Preconstruction Permits

The Duke Working Paper identifies preconstruction permits as a key difference between a NAAQS program and provisions that serve as the basis for the Clean Power Plan. Under the NAAQS program, major emitting facilities in both attainment and nonattainment areas must receive preconstruction permits, but different requirements apply depending on whether a region is in or out of attainment. For attainment areas, new or modified major emitting facilities (i.e., stationary sources that emit or that have the ability to emit at least 100 tons per year and any other source with the potential to emit at least 250 tons per year) must apply for prevention of significant deterioration (PSD) permits. While not addressed by the Duke Working Paper, the PSD permitting requirements for GHGs already exist for new sources that are major emitting facilities of other NAAQS air pollutants. The Duke Working Paper does not adequately explain that in nonattainment areas, new or modified major stationary sources with the potential to emit at least 100 tons per year would require a New Source Review (NSR) permit, which can contain much more stringent requirements than PSD permits, and require offsets.

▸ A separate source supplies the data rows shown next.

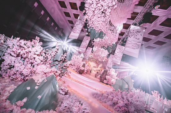 仙鹤翔于九州,风起,桃花漫天,弦动,琴音绕梁。在十里桃林深处,新人共结连理。设计师将婚礼现场打造成桃林仙境的样子,主舞台随阶梯而上,两只仙鹤于桃林之间振翅飞鸣,互诉衷情。一幅幅卷轴自空中垂下,使婚礼现场更加充实。迎宾处一张古筝立于门前,清酒已温,待与君尝。整场婚礼的搭建都透着侠骨柔情,浪漫深情。我许你三生情缘,盼你共我三世婚礼。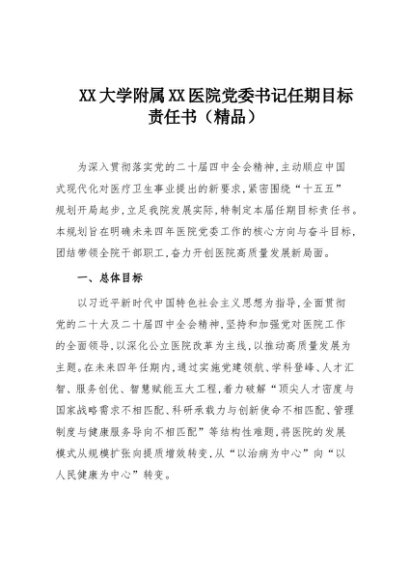 【七哥公文】2025年:XX大学附属XX医院党委书记任期目标责任书(精品)+更多免费公文+VX:QiGeGongWen2024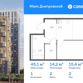 Строим кварталы для жизни с заботой о будущем. Предлагается 1-комнатная квартира комфорт-класса 45, 1 кв.м в корпусе 2 на 2 этаже, в ЖК «Маяк Днепровской» Квартира без отделки. Доступность опции «отделка» и возможность комплектации мебелью и декором уточняйте у...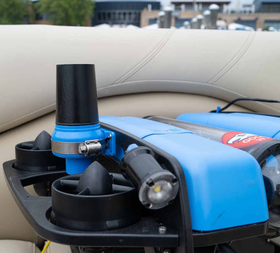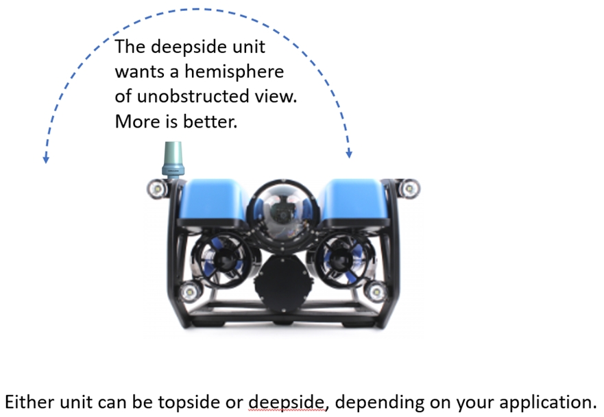 Either the transmitter of the receiver can be mounted on the ROV or deepside unit. Typically, the transmitter is on the deepside.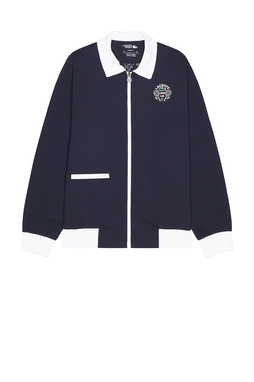 - Self: 50% polyester 45% cotton 5% elastane Lining: 100% cotton Contrast Fabric: 98% cotton 2% elastane - Machine wash - Front zip closure - Single pouch pocket - Patch logo - Midweight pique fabric - Revolve Style No. LACO-MO40 - Manufacturer Style No. SH8941
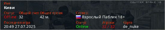 Играет на Counter Strike 1.6 сервере. Страна: РоссияПервый раз замечен 18:00 16.06.2025

The emissions thresholds included in the NSR provisions would be problematic as applied to GHG emissions, as even relatively minor operations exceed the 100/250 ton figures. EPA has previously attempted rewrite these thresholds through its “Tailoring Rule” where it defined sources as “major” if they emitted at least 100,000 tons of GHGs per year in order to prevent those smaller operations from needing permits based solely on their GHG emissions. In the Tailoring Rule, EPA explained that the PSD program and Title V air permitting programs were designed to regulate “a relatively small number of large industrial sources,” and that permits for all sources of GHGs above the 100/250 ton per year thresholds would greatly expand the permitting programs, create administrative difficulties and make the program “unrecognizable to the Congress that designed” it.

In Utility Air Regulatory Group v. EPA (UARG), the Supreme Court rejected EPA’s approach, explaining that the unambiguous statutory terms “100 or 250 tons per year” did not allow EPA to alter the figures for operations that were not already subject to the permitting requirements, but would be subject based on their GHG emissions. The Court stated that EPA did not have to regulate GHGs under the PSD and Title V permitting programs, but explained that once it did so, EPA did not have the discretion to alter the thresholds in the statute. The Court did allow EPA to continue requiring GHG permits for sources already subject to the PSD or Title V air permitting programs based on their emissions of other pollutants (“anyway” sources). The threshold for these “anyway” sources is subject to EPA rulemaking. EPA will similarly have to grapple with permitting threshold issues if a GHG NAAQS program is implemented.

Conclusion:

As the Trump Administration takes steps to limit or roll back the climate initiatives of the Obama Administration, environmental groups or think tanks may pursue alternative means to achieve reductions in GHG emissions. The Duke Working Paper provides one example of such an alternative. While the CAA’s NAAQS program might provide another way to regulate GHGs, there are a number of open questions about how such a program would function. Even if groups succeeded in forcing EPA to create such a program, the actual impact of the program would depend on the standard set by EPA and whether the country was in or out of attainment with that standard, the way that states fashion their SIPs to meet the standard, and whether EPA exercises any sanctioning power it may have.